__SOURCE DATA__

▬▬▬▬▬▬▬▬▬▬

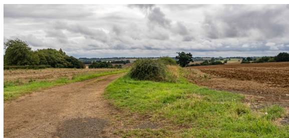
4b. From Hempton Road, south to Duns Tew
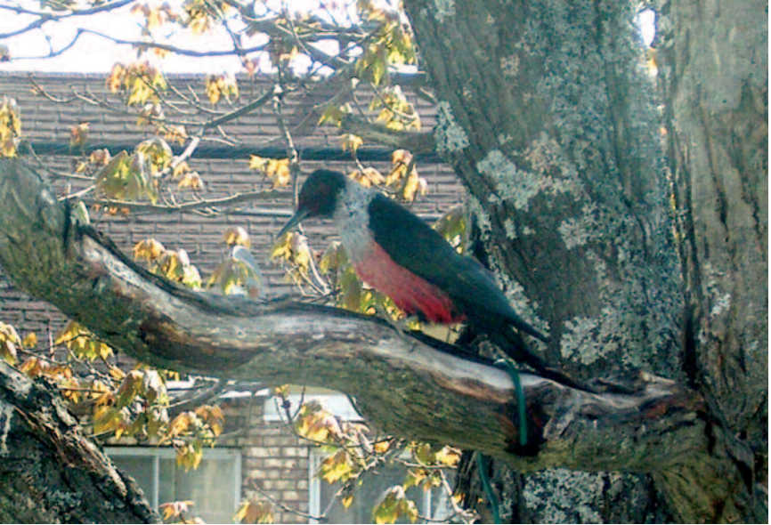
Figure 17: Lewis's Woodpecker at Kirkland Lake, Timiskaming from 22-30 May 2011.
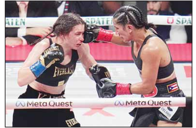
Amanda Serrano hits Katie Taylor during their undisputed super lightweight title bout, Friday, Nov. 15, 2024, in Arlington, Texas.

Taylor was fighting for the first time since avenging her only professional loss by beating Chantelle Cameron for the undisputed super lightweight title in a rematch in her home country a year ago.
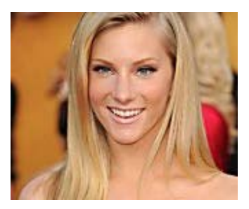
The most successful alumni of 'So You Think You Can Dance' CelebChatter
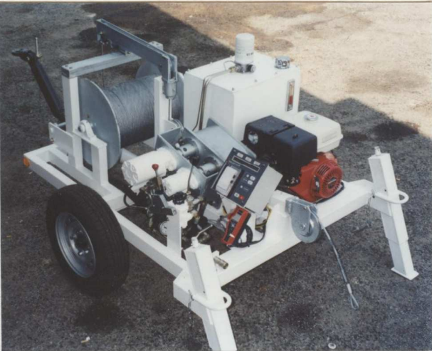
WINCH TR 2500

▬▬▬▬▬▬▬▬▬▬

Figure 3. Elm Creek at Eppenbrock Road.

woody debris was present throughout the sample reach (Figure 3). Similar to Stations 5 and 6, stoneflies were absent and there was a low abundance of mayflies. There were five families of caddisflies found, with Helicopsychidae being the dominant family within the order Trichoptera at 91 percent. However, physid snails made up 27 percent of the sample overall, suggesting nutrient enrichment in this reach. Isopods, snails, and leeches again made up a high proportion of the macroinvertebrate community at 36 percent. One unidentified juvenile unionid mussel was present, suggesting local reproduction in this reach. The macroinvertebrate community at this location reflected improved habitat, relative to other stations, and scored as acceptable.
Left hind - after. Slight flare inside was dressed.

▬▬▬▬▬▬▬▬▬▬

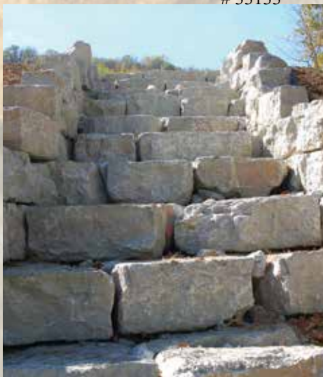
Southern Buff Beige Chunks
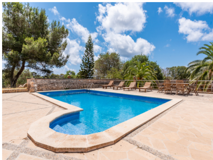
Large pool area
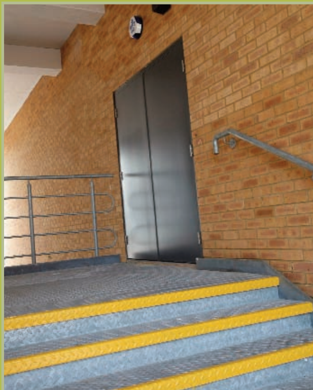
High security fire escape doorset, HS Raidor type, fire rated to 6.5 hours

▬▬▬▬▬▬▬▬▬▬

__WHAT NEEDS TO BE DONE__
Only lines that include "Taylor" belong in the answer; return them from the entries above.

__RESPONSE TO THE EXERCISE__
Amanda Serrano hits Katie Taylor during their undisputed super lightweight title bout, Friday, Nov. 15, 2024, in Arlington, Texas.
Taylor was fighting for the first time since avenging her only professional loss by beating Chantelle Cameron for the undisputed super lightweight title in a rematch in her home country a year ago.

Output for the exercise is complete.